Transformers Foundation has come up with a report that explores the systemic barriers preventing meaningful supplier engagement in some of the industry's most influential multi stakeholder initiatives or MSIs, including Cascale, Textile Exchange, SLCP and ZDHC.
- The report, ‘Collective Action Reimagined: A Call for Fair Process and Supplier Inclusion in Fashion’s Multi-Stakeholder Initiatives’, uncovers how rules, governance, and processes often perpetuate supplier exclusion.
- The findings reveal that these organisations, though well-intentioned, often reinforce systemic barriers that limit supplier participation, leading to a cycle of distrust, disengagement, and ineffective sustainability strategies.
- It examines the pivotal role of MSIs in driving sustainability within the fashion industry by drawing from the experiences of suppliers working and/or affiliated with MSIs. These experiences explore the extent to which MSIs are succeeding in their efforts to drive sustainability within the fashion industry.
- The report looks at four key and influential MSIs—Cascale (formerly Sustainable Apparel Coalition), Textile Exchange, the Social & Labor Convergence Program (SLCP), and Zero Discharge of Hazardous Chemicals (ZDHC)—examining how—if at all—their processes include suppliers.
THE CHALLENGES: Few suppliers are actively engaged in MSIs due to systemic problems.
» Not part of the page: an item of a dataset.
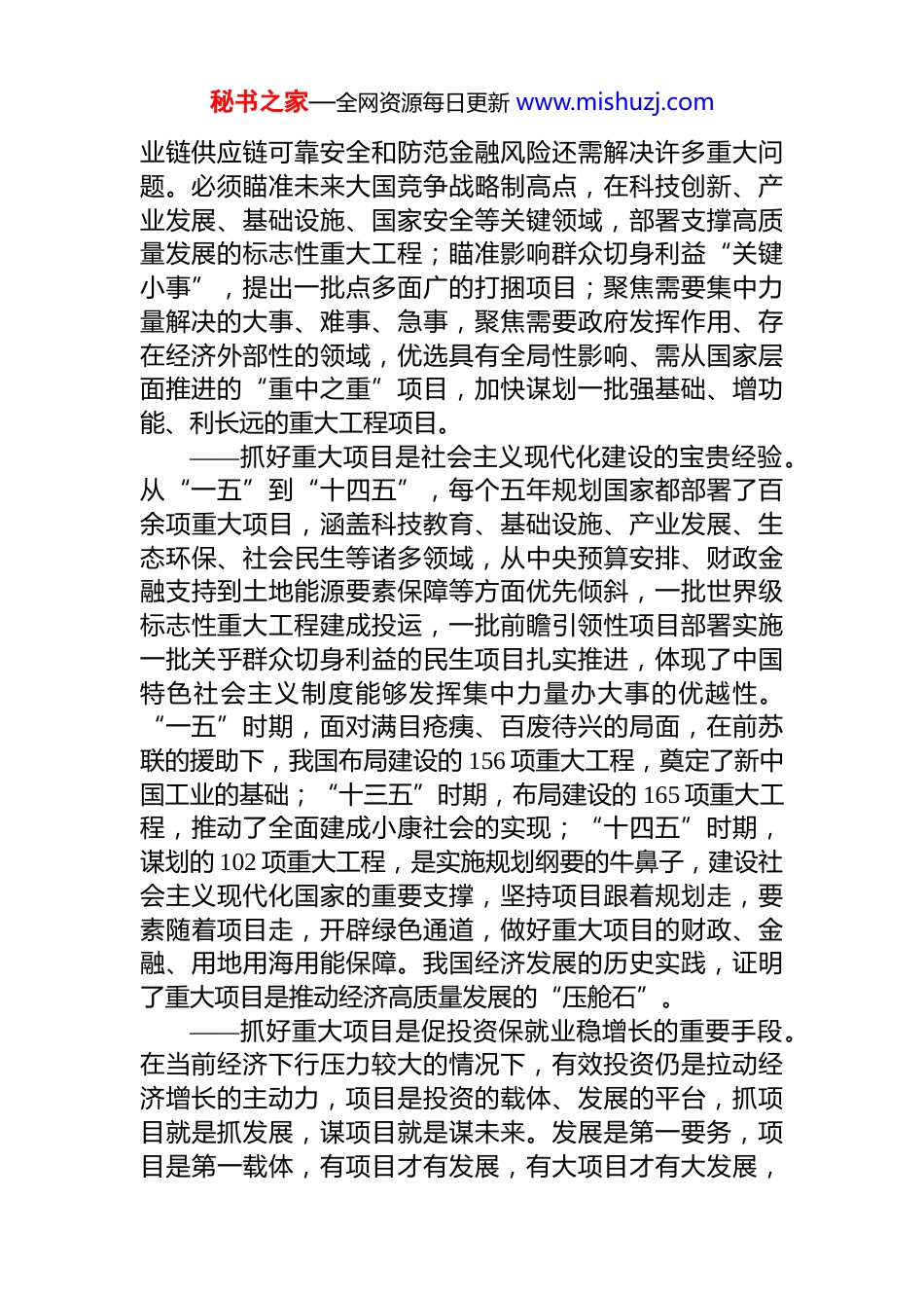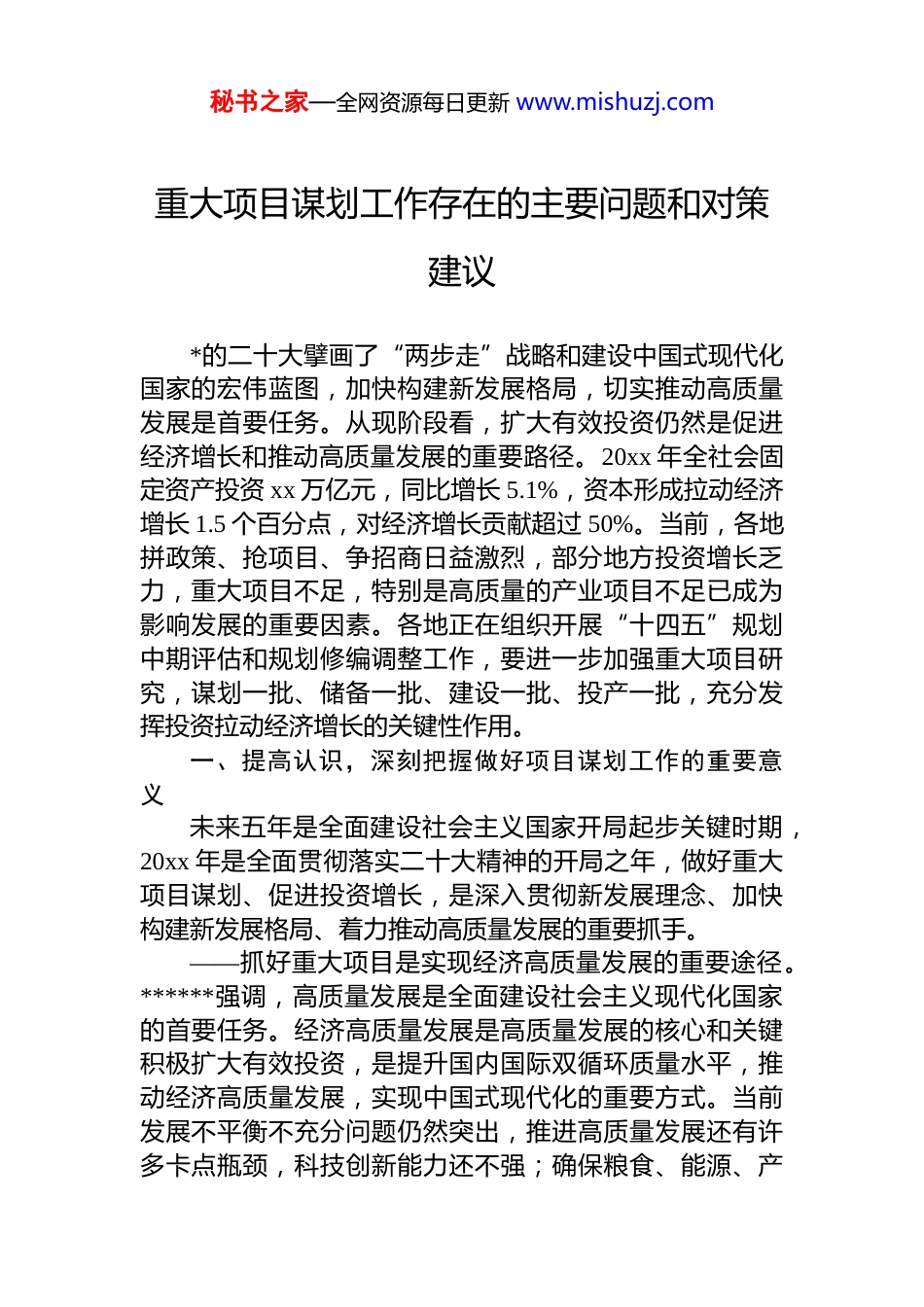 秘书之家—全网资源每日更新 www.mishuzj.com重大项目谋划工作存在的主要问题和对策建议*的二十大擘画了“两步走”战略和建设中国式现代化国家的宏伟蓝图,加快构建新发展格局,切实推动高质量发展是首要任务。从现阶段看,扩大有效投资仍然是促进经济增长和推动高质量发展的重要路径。20xx 年全社会固定资产投资 xx 万亿元,同比增长 5.1%,资本形成拉动经济增长 1.5 个百分点,对经济增长贡献超过 50%。当前,各地拼政策、抢项目、争招商日益激烈,部分地方投资增长乏力,重大项目不足,特别是高质量的产业项目不足已成为影响发展的重要因素。各地正在组织开展“十四五”规划中期评估和规划修编调整工作,要进一步加强重大项目研究,谋划一批、储备一批、建设一批、投产一批,充分发挥投资拉动经济增长的关键性作用。一、提高认识,深刻把握做好项目谋划工作的重要意义未来五年是全面建设社会主义国家开局起步关键时期,20xx 年是全面贯彻落实二十大精神的开局之年,做好重大项目谋划、促进投资增长,是深入贯彻新发展理念、加快构建新发展格局、着力推动高质量发展的重要抓手。——抓好重大项目是实现经济高质量发展的重要途径。******强调,高质量发展是全面建设社会主义现代化国家的首要任务。经济高质量发展是高质量发展的核心和关键积极扩大有效投资,是提升国内国际双循环质量水平,推动经济高质量发展,实现中国式现代化的重要方式。当前发展不平衡不充分问题仍然突出,推进高质量发展还有许多卡点瓶颈,科技创新能力还不强;确保粮食、能源、产秘书之家—全网资源每日更新 www.mishuzj.com业链供应链可靠安全和防范金融风险还需解决许多重大问题。必须瞄准未来大国竞争战略制高点,在科技创新、产业发展、基础设施、国家安全等关键领域,部署支撑高质量发展的标志性重大工程;瞄准影响群众切身利益“关键小事”,提出一批点多面广的打捆项目;聚焦需要集中力量解决的大事、难事、急事,聚焦需要政府发挥作用、存在经济外部性的领域,优选具有全局性影响、需从国家层面推进的“重中之重”项目,加快谋划一批强基础、增功能、利长远的重大工程项目。——抓好重大项目是社会主义现代化建设的宝贵经验。从“一五”到“十四五”,每个五年规划国家都部署了百余项重大项目,涵盖科技教育、基础设施、产业发展、生态环保、社会民生等诸多领域,从中央预算安排、财政金融支持到土地能源要素保障等方面优先倾斜,一批世界级标志性重大工程建成投运,一批前瞻引领性项目部署实施一批关乎群众切身利益的民生项目扎实推进,体现了中国特色社会主义制度能够发挥集中力量办大事的优越性。“一五”时期,面对满目疮痍、百废待兴的局面,在前苏联的援助下,我国布局建设的 156 项重大工程,奠定了新中国工业的基础;“十三五”时期,布局建设的 165 项重大工程,推动了全面建成小康社会的实现;“十四五”时期,谋划的 102 项重大工程,是实施规划纲要的牛鼻子,建设社会主义现代化国家的重要支撑,坚持项目跟着规划走,要素随着项目走,开辟绿色通道,做好重大项目的财政、金融、用地用海用能保障。我国经济发展的历史实践,证明了重大项目是推动经济高质量发展的“压舱石”。——抓好重大项目是促投资保就业稳增长的重要手段。在当前经济下行压力较大的情况下,有效投资仍是拉动经济增长的主动力,项目是投资的载体、发展的平台,抓项目就是抓发展,谋项目就是谋未来。发展是第一要务,项目是第一载体,有项目才有发展,有大项目才有大发展,秘书之家—全网资源每日更新 www.mishuzj.com充分发挥重大项目对经济社会发展的支撑作用和对产业转型升级的引领作用,促进经济社会持续平稳健康发展。20xx 年 4 月,国家发改委主任***同志在《求是》杂志发表署名文章,强调“没有项目,没有投资,就没有未来”。为拉动投资,今年中央将安排预算内投资 xx 亿元,比去年增加 xx 亿元。《20xx 年政府工作报告》指出,政府投资和政策激励要有效带动全社会投资,全年拟安排地方政府专项债券 3.8 万亿元,加快实施“十四五”重大工程,实施城市更新行动,促进区域优势互补...

Though MSIs did not cause the resource-based constraints that suppliers face, these organisations’ own rules, governance processes, and norms often replicate them, fuelling a cycle of supplier distrust and disengagement that undermines agency and ownership in the solutions put forward by these groups.
- Suppliers who were part of the research often perceive MSIs as having developed strategies and standards, tools, and assessments that are enacted solely by the supply chain for the benefit of brands and retailers without their full participation or buy-in.
- Suppliers tend to see them as organisations whose primary activities come at a higher cost to the supply chain relative to brands and retailers, and who fall short of their missions and goals.